## DATA EXTRACT
▼
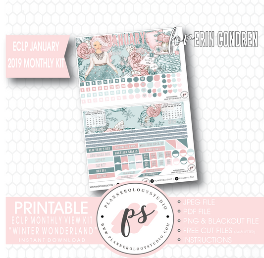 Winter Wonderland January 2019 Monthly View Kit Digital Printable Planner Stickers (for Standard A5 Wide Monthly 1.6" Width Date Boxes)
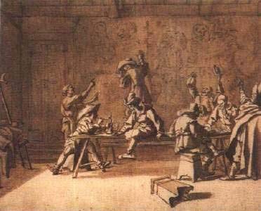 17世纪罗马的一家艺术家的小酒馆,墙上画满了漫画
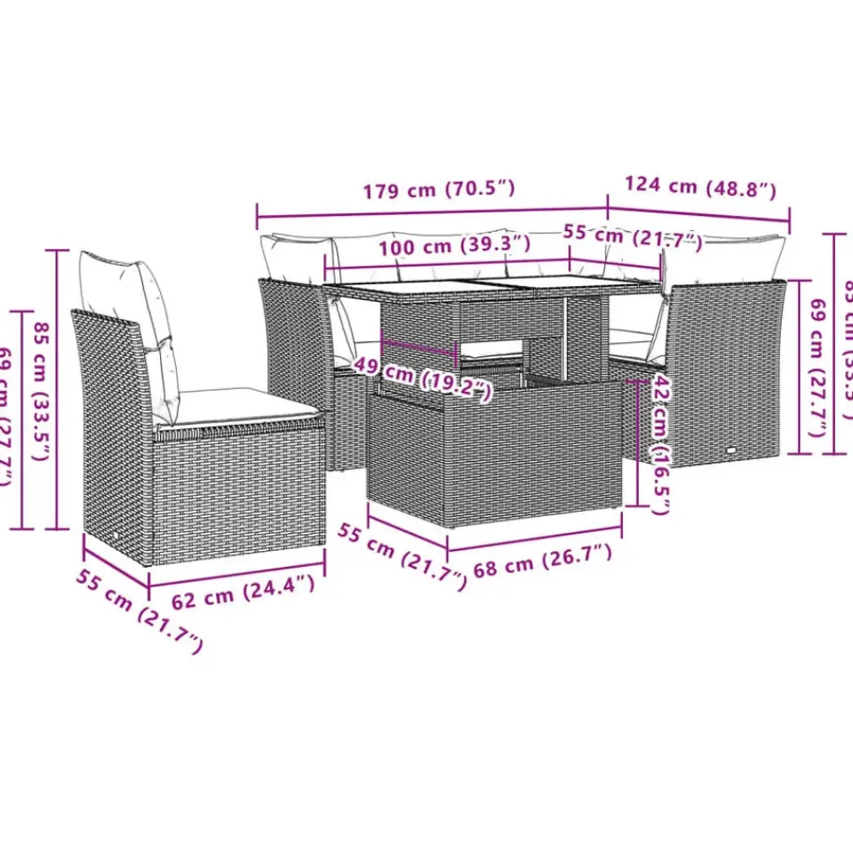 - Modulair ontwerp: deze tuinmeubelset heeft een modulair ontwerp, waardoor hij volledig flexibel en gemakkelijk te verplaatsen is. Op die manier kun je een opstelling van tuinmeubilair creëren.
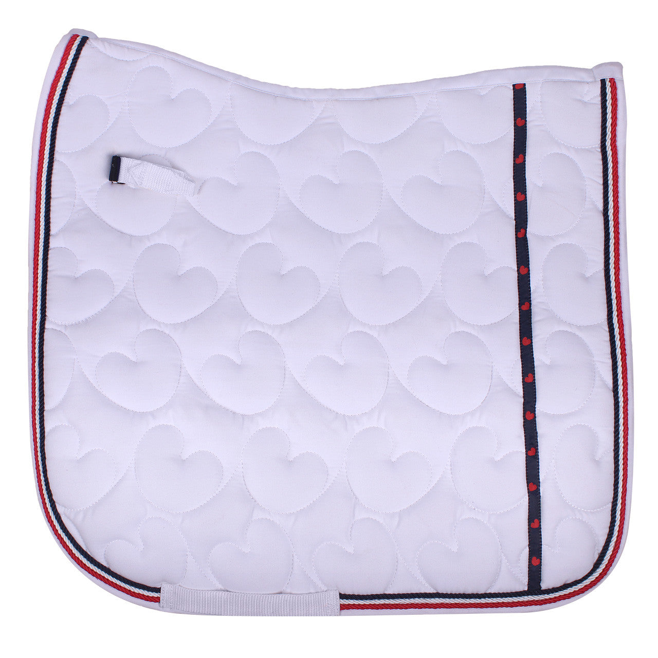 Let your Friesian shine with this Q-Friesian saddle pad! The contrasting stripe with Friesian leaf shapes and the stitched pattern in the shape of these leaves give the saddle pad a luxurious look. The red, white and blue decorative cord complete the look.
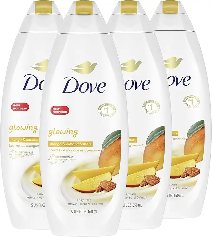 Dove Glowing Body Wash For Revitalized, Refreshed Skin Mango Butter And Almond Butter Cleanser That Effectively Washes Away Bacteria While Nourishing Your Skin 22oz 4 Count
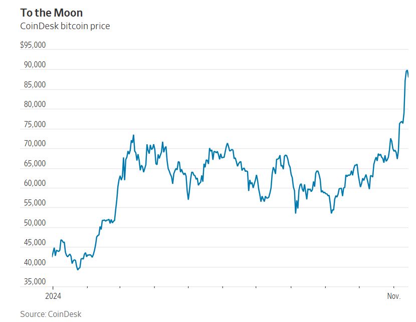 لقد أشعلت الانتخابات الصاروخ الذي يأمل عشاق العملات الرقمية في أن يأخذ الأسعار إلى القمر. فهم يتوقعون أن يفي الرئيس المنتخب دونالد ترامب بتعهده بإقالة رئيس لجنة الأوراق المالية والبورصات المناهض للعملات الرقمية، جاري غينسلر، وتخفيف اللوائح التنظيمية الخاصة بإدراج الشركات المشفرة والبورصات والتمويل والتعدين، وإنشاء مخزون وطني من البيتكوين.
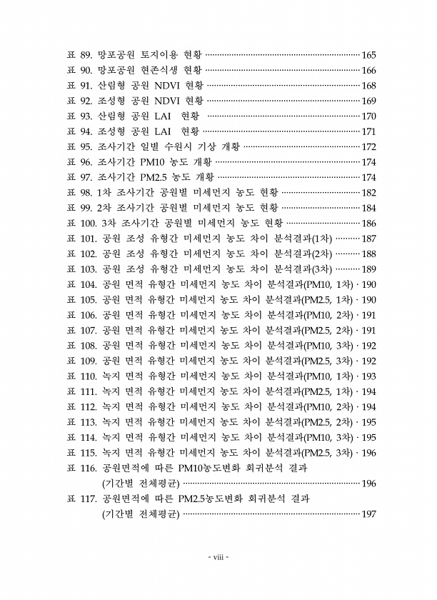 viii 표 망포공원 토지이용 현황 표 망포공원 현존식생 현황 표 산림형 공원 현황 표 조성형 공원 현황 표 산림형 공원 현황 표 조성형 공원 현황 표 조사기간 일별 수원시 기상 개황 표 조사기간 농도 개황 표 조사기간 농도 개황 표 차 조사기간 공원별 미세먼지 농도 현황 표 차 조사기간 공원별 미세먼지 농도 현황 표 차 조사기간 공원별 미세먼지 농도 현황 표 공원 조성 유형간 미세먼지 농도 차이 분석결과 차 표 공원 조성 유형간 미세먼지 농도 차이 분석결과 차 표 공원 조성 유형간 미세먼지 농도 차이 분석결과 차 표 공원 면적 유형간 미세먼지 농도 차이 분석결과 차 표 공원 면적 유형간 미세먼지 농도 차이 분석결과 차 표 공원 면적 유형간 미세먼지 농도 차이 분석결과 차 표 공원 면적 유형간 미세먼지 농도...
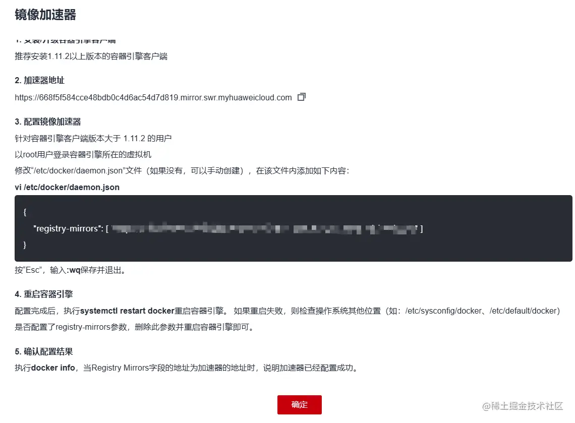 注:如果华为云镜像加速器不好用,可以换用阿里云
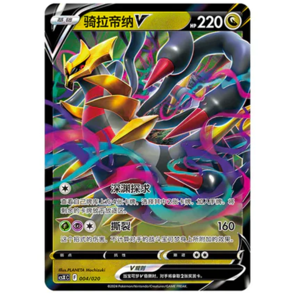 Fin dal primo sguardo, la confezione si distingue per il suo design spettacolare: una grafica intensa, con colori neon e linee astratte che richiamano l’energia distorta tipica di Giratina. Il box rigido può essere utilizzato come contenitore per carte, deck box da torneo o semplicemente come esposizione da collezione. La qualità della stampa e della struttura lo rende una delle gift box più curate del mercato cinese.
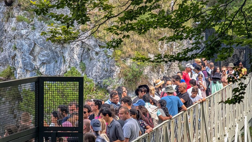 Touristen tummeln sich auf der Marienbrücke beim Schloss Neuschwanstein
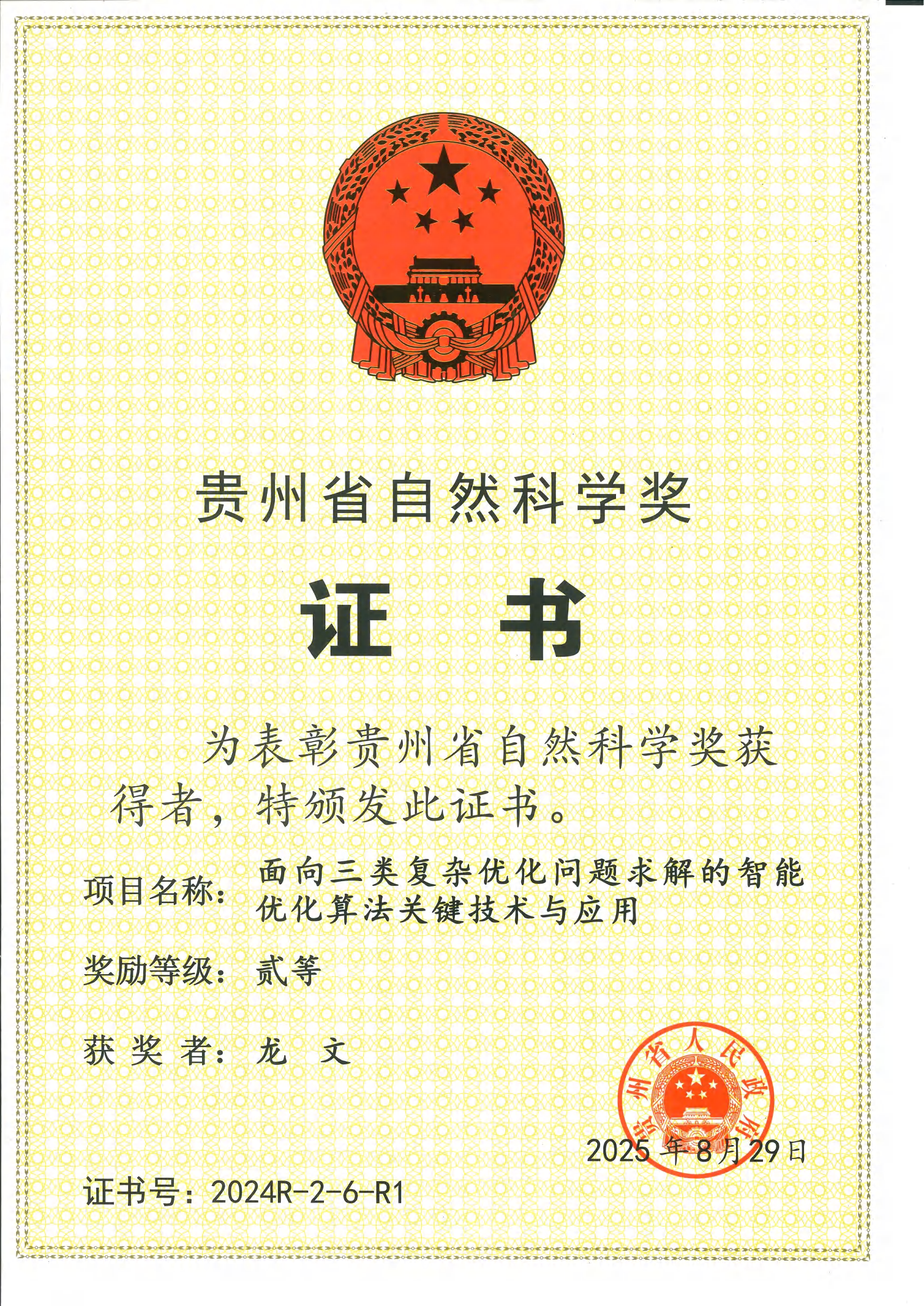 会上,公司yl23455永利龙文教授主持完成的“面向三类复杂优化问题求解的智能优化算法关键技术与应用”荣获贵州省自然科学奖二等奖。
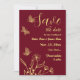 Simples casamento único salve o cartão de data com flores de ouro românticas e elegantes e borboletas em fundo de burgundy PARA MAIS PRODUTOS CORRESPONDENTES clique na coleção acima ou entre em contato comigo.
▲
Using the material above, reproduce only the lines that run from the line with "- Modulair ontwerp: deze" up to and including the line with "لقد أشعلت الانتخابات", exactly, with the pictures dropped.

 - Modulair ontwerp: deze tuinmeubelset heeft een modulair ontwerp, waardoor hij volledig flexibel en gemakkelijk te verplaatsen is. Op die manier kun je een opstelling van tuinmeubilair creëren.
 Let your Friesian shine with this Q-Friesian saddle pad! The contrasting stripe with Friesian leaf shapes and the stitched pattern in the shape of these leaves give the saddle pad a luxurious look. The red, white and blue decorative cord complete the look.
 Dove Glowing Body Wash For Revitalized, Refreshed Skin Mango Butter And Almond Butter Cleanser That Effectively Washes Away Bacteria While Nourishing Your Skin 22oz 4 Count
 لقد أشعلت الانتخابات الصاروخ الذي يأمل عشاق العملات الرقمية في أن يأخذ الأسعار إلى القمر. فهم يتوقعون أن يفي الرئيس المنتخب دونالد ترامب بتعهده بإقالة رئيس لجنة الأوراق المالية والبورصات المناهض للعملات الرقمية، جاري غينسلر، وتخفيف اللوائح التنظيمية الخاصة بإدراج الشركات المشفرة والبورصات والتمويل والتعدين، وإنشاء مخزون وطني من البيتكوين.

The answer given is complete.